■ **PROBLEM**: Give the listing again character for character, but drop the images.

■ **SUPPLIED INFORMATION**:
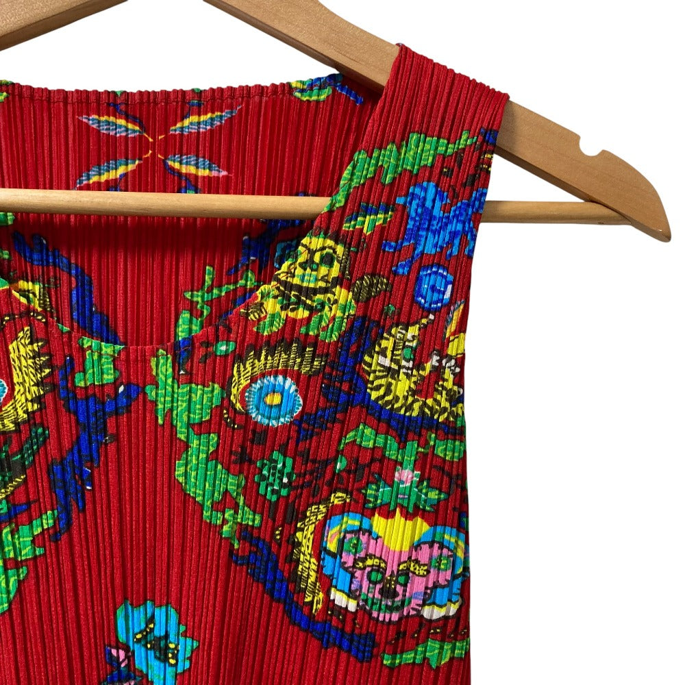 PLEATS PLEASE Dragon Print Sleeveless Top
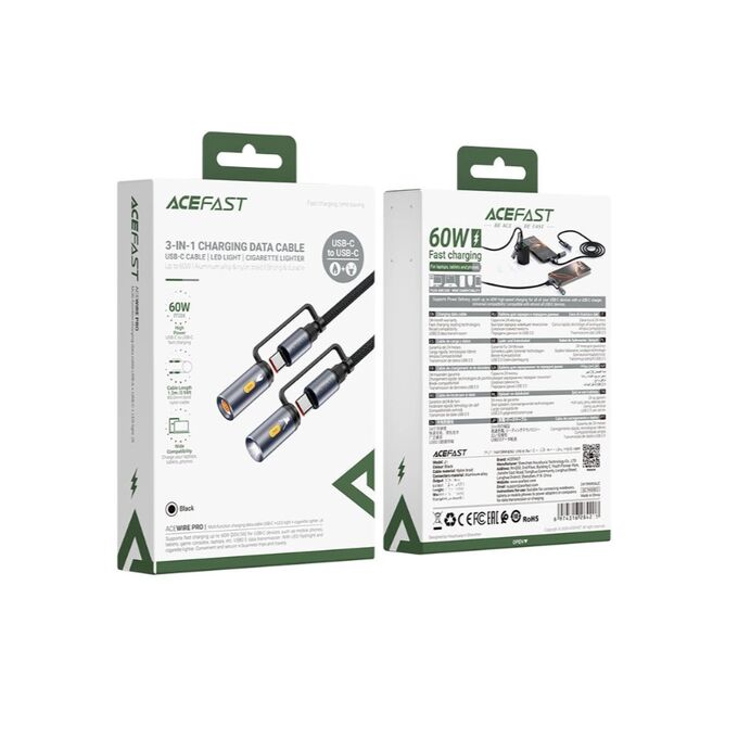 Дата-кабель ACEFAST AF-J4-BK Multi-Function Charging Data Cable USB-C+ Led Light + Cigarette Lighter Black
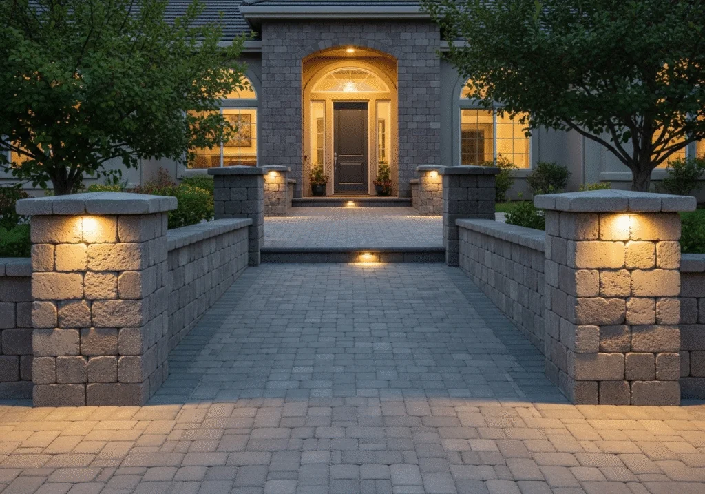 - Paver and Pillar Integration: Flank the entrance with matching paver walls and pillars for a stately and cohesive look.
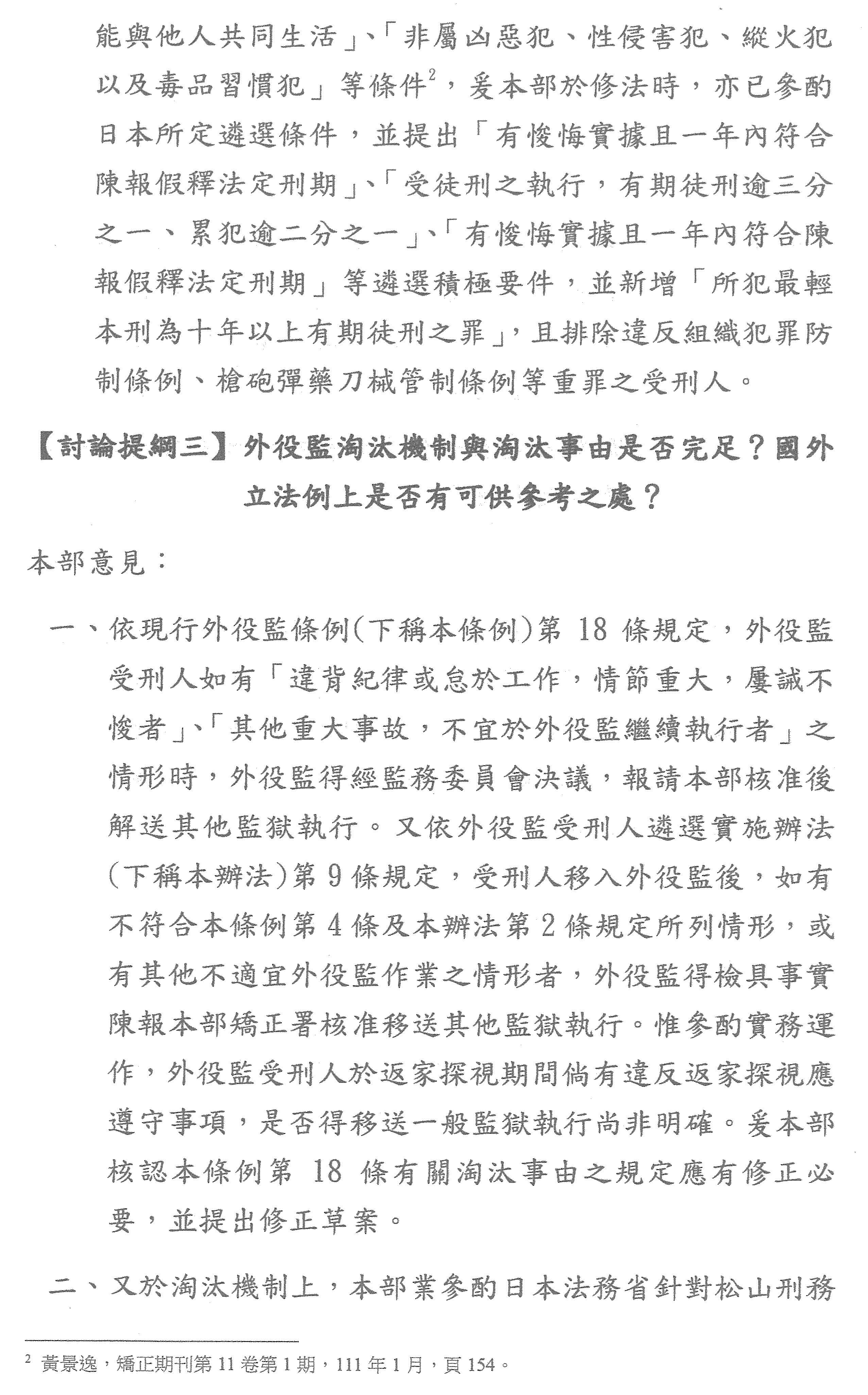 當然各位委員跟各位老師都有提到外役監第二個議題,有關外役監的遴選辦法、返家探視的辦法,其中也有為人詬病的地方,事實上法務部也同步對這兩個辦法,在部長的召集之下提出了內部的構想,當然這要配合母法通過以後,子法一併處理,朝向透明化、公開化並避免脫逃、避免濫用來處理,這一點我們是同步進行。

■ **OUTPUT**:
 PLEATS PLEASE Dragon Print Sleeveless Top
 Дата-кабель ACEFAST AF-J4-BK Multi-Function Charging Data Cable USB-C+ Led Light + Cigarette Lighter Black
 - Paver and Pillar Integration: Flank the entrance with matching paver walls and pillars for a stately and cohesive look.
 當然各位委員跟各位老師都有提到外役監第二個議題,有關外役監的遴選辦法、返家探視的辦法,其中也有為人詬病的地方,事實上法務部也同步對這兩個辦法,在部長的召集之下提出了內部的構想,當然這要配合母法通過以後,子法一併處理,朝向透明化、公開化並避免脫逃、避免濫用來處理,這一點我們是同步進行。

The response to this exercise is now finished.